Ah, physics. The cold, hard reality of how things work so often gets in the way of how we would prefer them to work.
But when it comes to the field of microscopy, which has been held back by the physical limitations of optical lenses, a group of engineers at Caltech say they've been able to use a computational approach to bypass these limitations -- and that the final images produced using their new system contain 100 times more information. What's more, the system costs just $200 to implement with a conventional microscope.

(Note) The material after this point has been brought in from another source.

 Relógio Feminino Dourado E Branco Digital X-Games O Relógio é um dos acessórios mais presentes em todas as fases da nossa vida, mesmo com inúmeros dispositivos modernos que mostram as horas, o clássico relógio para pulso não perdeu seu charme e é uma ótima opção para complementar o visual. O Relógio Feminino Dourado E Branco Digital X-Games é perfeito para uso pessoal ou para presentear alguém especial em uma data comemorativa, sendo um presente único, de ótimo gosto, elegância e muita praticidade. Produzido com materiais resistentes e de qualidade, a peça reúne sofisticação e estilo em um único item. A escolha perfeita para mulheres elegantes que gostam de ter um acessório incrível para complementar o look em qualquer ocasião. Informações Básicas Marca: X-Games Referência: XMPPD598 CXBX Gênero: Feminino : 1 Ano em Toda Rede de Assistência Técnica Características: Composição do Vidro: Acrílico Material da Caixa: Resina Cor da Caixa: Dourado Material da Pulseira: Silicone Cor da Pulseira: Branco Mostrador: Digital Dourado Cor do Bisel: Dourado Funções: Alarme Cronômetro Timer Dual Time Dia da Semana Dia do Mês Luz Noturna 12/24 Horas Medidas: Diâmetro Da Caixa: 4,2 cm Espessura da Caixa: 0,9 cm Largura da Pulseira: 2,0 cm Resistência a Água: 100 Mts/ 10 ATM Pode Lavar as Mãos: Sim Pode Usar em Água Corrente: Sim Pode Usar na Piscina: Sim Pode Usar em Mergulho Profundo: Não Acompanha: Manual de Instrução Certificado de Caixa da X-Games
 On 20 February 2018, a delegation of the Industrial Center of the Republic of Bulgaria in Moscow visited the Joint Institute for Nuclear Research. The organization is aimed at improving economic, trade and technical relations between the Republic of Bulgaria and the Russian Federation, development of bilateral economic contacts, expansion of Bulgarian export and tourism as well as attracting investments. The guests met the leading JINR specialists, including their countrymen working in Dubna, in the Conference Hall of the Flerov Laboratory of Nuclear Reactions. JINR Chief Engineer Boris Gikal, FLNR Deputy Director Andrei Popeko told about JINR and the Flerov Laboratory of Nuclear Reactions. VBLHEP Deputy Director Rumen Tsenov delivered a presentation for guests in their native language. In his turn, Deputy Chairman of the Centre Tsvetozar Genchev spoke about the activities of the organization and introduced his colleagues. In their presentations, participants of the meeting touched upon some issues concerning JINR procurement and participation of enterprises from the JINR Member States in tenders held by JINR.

In a nutshell, the limitations of optical lenses have forced researchers to pick and choose between a system that gives them high resolution over a small field of view or low resolution over a wider field of view. See a little bit clearly or a lot coarsely.

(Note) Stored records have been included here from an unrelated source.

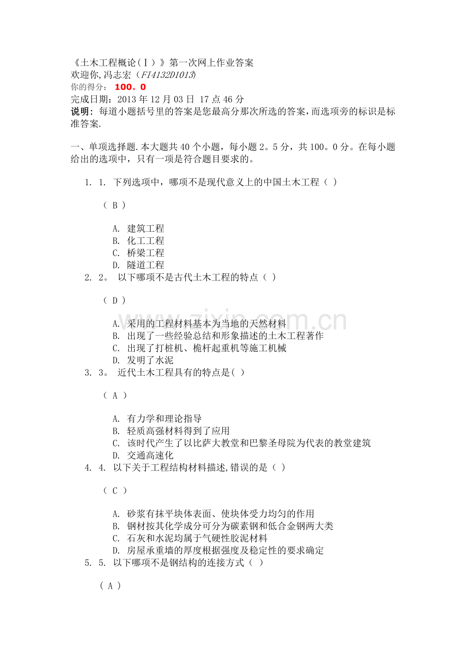 《土木工程概论(Ⅰ)》第一次网上作业答案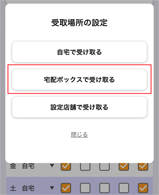 (3)曜日ごとに受け取り方法を事前に設定できる「Myカレンダーサービス」の機能拡充インターホンが鳴ることなく、いつも自宅の宅配ボックスで受け取れますこれまでの自宅(対面配達)か店舗(コンビニエンスストアなどの取扱店やPUDOステーション、ヤマト運輸直営店)の2つに加え、「Myカレンダーサービス」の受け取り場所の選択肢に自宅の宅配ボックスを追加しました。宅配ボックス指定の荷物は、ドライバーがインターホンを鳴らさずに宅配ボックスに配達します。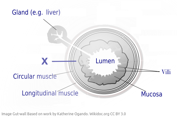 The diagram shows a representation of several layers in the wall of human intestines.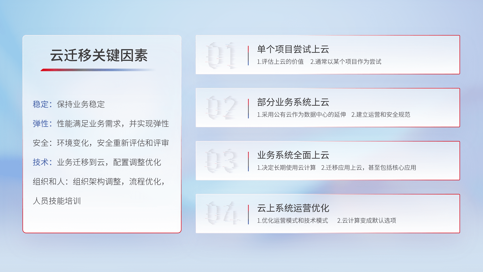 结合实际业务,,,从规划设计、、、、云平台选型、、云原生改造、、、、数据迁移、、集成交付,,,迁移全过程为客户识别最佳上云路径,,,,做好风险识别管理,,,设计网络架构、、身份权限、、、、安全审计合规、、、、操作审计、、、日志审计、、、监控告警策略、、多站点容灾设计等,,,对云上基础设施进行整体规划,,,,提升IT治理水平,,,,以满足弹性、、、、高可用、、高性能的需求。。。。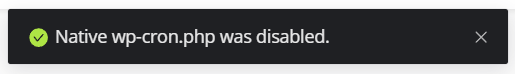 5. Finally, once enabled, you should see a notification stating that the “native wp-cron is disabled,” indicating that WP Toolkit has taken over the wp-cron setup.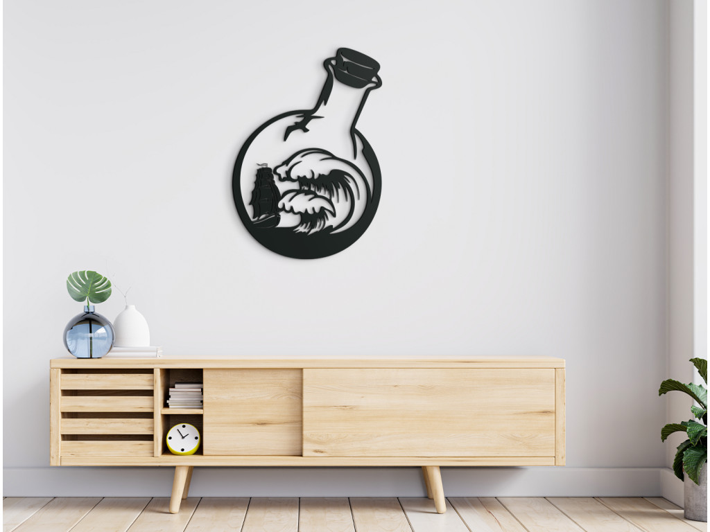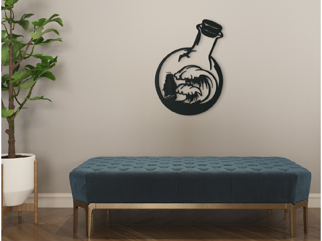 A tengeri motívumú fali dekoráció minden teret hangulatossá tesz. A tengeren úszó csónak egy elveszett üzenetre emlékeztető üvegben található. Minden unalmas falat élénkebbé varázsol az előszobában, folyosón, étkezőben és gyerekszobában. Több színváltozat közül választhat.

"We found a way to actually have the best of both worlds," Guoan Zheng, lead author of the new paper in Nature Photonics, said in a school news release. "The optical performance of the objective lens is rendered almost irrelevant, as we can improve the resolution and correct for aberrations computationally."
Take that, physics!
Ultimately, the researchers were able to improve the resolution of a conventional 2X objective lens to the level of a 20X -- so they combined the larger field-of-view advantage of the 2X lens with the resolution of the 20X lens -- for just $200. They achieved this by taking 150 low-res images of a sample, corresponding each image to an LED element in an LED array, and then using a novel computational approach called Fourier ptychographic microscopy, stitching together the low-res images to form high-res intensity, resulting in a far more complete picture of what is available across the entire light field of the sample.

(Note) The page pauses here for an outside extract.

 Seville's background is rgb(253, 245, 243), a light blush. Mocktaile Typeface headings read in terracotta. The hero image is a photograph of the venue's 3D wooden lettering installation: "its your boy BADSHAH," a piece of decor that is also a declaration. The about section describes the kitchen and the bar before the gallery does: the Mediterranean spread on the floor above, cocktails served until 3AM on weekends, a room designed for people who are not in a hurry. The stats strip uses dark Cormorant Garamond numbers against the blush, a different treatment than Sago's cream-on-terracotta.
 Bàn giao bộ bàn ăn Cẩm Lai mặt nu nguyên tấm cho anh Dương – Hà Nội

Changhuei Yang, professor of electrical engineering, bioengineering and medical engineering at Caltech, says that we can only sense variations in intensity when looking at light from an object, but that light actually varies not only in intensity but in its phase -- and that phase is related to the angle at which light travels. By teasing out both the intensity and the phase of the light field across low-res images, they are able to "correct for optical aberration issues that otherwise confound your ability to resolve objects well."
Because the approach does not require scanning various parts of an image -- an entire sample can be imaged all at once via these 150 separate points -- and because the system gathers all the data about the light field, it is not only a faster approach, but it could actually correct errors computationally, such as blurriness, so that clinicians do not need to rescan an image for digital pathology applications.
"One big advantage of this new approach is the hardware compatibility," Zheng added. "You only need to add an LED array to an existing microscope. No other hardware modification is needed. The rest of the job is done by the computer."
The researchers figure their system could have many applications in anything from digital pathology to forensic photography, and that it could even extend to other imaging techniques, such as X-ray and electron microscopy.